Les habitants de Jivatpur sont galvanisés par le voyage de l’un d’entre eux, parti conquérir « Umrika ». L’Amérique, ils la découvrent à travers les cartes postales qu’il envoie. Mais quand il cesse d’écrire, son petit frère se lance à sa recherche.

Pour le réalisateur indien Prashant Nair, il y a dans ce scénario d’UMRIKA une part de vrai. Pour avoir souvent voyagé et fait la découverte de cultures différentes, il expliquait la portée universelle de son film. S’il s’agit ici d’une population indienne, fascinée par l’Amérique qu’elle fantasme, l’effet serait, selon lui, le même avec un texan qui imaginerait Paris. Chose que le cinéma hollywoodien a longtemps fait (et fait encore par moment) avec les romances des années 1950 (Drôle de Frimousse, Ariane…). Cependant avec UMRIKA, Prashant Nair sépare son film en deux. Portant dans un premier temps sur le regard amusant des indiens sur les coutumes américaines qu’ils découvrent à travers des photos et des lettres envoyées par l’un d’entre eux. Puis dans un second, dans un registre résolument plus dramatique, où la réalité est dévoilée. Non pas la réalité de l’Amérique, mais celle qui se cache derrière les lettres. En mélangeant avec finesse deux genres tout en respectant une cohérence d’ensemble, UMRIKA se montre surprenant et émouvant.

Umrika

Après le départ d’Udai, en route pour l’Amérique tant convoitée, sa famille se retrouve confrontée à son absence. Une épreuve que vivra difficilement sa mère. Leur quotidien, nous le vivrons sous le regard de Ramakant, petit frère d’Udai, incarné par Suraj Sharma – véritable star indienne révélée avec L’Odyssée de Pi. C’est d’abord l’enfance de notre futur héros qui s’offre à nous, accompagnée par la voix de Suraj en off qui nous raconte le récit. Grâce aux nombreuses ellipses, le film parvient à rebondir constamment et à offrir un rythme soutenu. Car ici le ton est à l’humour et aux situations comiques. Par les commentaires sur l’Amérique imaginée à partir de simples photos – de la découverte de toilettes aux hot dog, dont la saucisse, interdite en raison du caractère sacré des animaux en Inde, sera remplacée par une carotte. Mais également dans la relation des parents de Ramakant. Sa mère, une femme au fort caractère, dicte sa loi à son mari, soumis et sans défense. Ainsi, en dépit des mauvaises nouvelles qui suivront, il y a constamment un amusement mêlé à de l’affection qui se dégage de leur duo. Mais alors qu’il fait avancer son film, Prashant Nair nous dirige discrètement vers un drame familial. Dès lors que Ramakant se décide à partir à la recherche de son frère, l’ambiance générale prend une autre tournure. C’est désormais le présent qui se dessine, la voix off devenant absente au même titre que les ellipses.
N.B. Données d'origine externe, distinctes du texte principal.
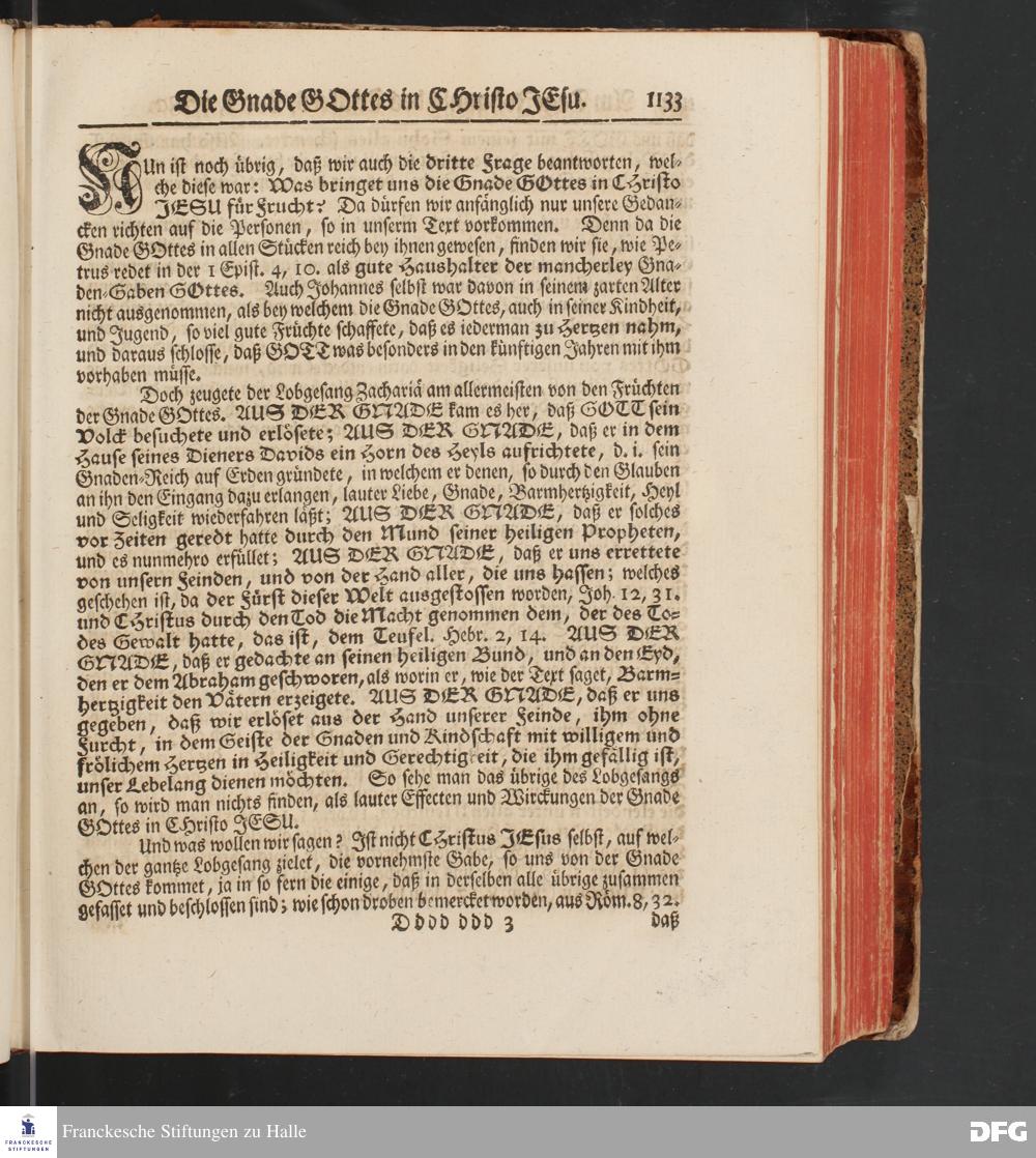 August Hermann Franckens, S.Theol.Prof.und Past. Sonn= und Fest=Tags=Predigten / Welche Theils in Halle, theils an verschiedenen auswärtigen Oertern, von wichtigen und auserlesenen Materien gehalten worden, Nebst Vorbereitung auf die hohen Feste und nützlichen Registern. Dritte Auflage. HALLE, gedruckt und verlegt im Wäysen=Hause MDCCXL. Mit Königl.Preuß.und Churfl.Brandenb.Privileg.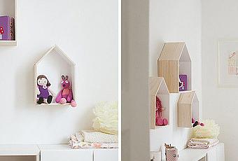 Estas casitas de madera sirven de estantería.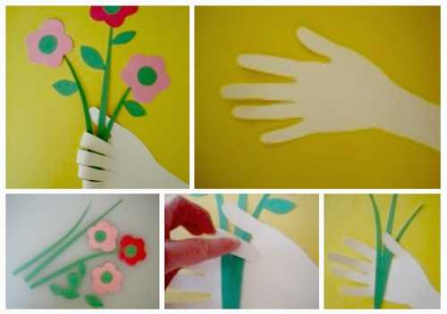 Теперь собираем все воедино. На картонную основу открытки крепим ладошку, оставляя свободными пальчики. Далее клеем букет, как-бы вкладывая его в руку. Смотрите фото с инструктажем снизу. Когда букет проклеен, можно загибать пальчики и склеивать. Все, ваша поделка готова. Глядя на нее, создается впечатление, что рука несет букет маме.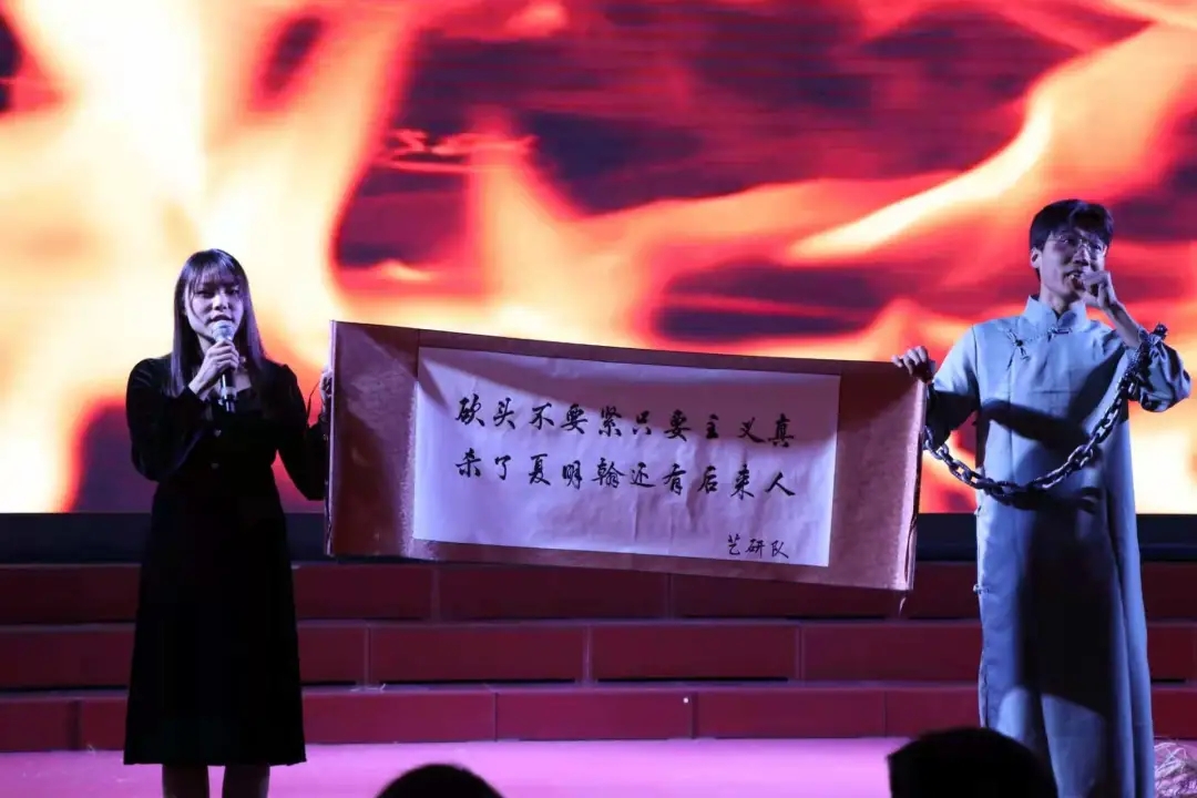 “我可以牺牲我的生命,绝不放弃我的信仰!”“杀了夏明翰,还有后来人。”艺研队将目光聚焦于英雄夏明翰,以朗诵的形式展现了夏明翰坚定革命意志、崇高革命信念的故事。薪柴会燃尽,生命亦有限,但信仰之火必将生生不息,代代相传!下一个出场的是爱祖国爱人民队。他们通过朗诵的方式,表现了梁思成的民族情怀以及对中国现代建筑发展的卓越贡献。

“Un flot d’émotions variées qui nous laisse avec une profonde mélancolie.”

Désormais les paysages sublimes de montagne aride et le village sont délaissés pour laisser place à la ville. Le réalisateur capte parfaitement cette partie urbaine rongée par la pauvreté. Mais dans le fond il s’agit bien de nous présenter une relation mère / fils des plus déchirante. Ramakant allant jusqu’à privilégier le bonheur de sa mère au sien. Toute la tragédie viendra de cet amour pollué par les non dits. UMRIKA nous fait vivre par sa série de rebondissements un flot d’émotions variées et nous laisse avec une profonde mélancolie. Avec ce film, Prashant Nair colle au renouveau du cinéma indien depuis quelques années, qui tend à s’éloigner du modèle de Bollywood, comme l’on avait pu le voir dernièrement avec The Lunchbox de Ritesh Batra.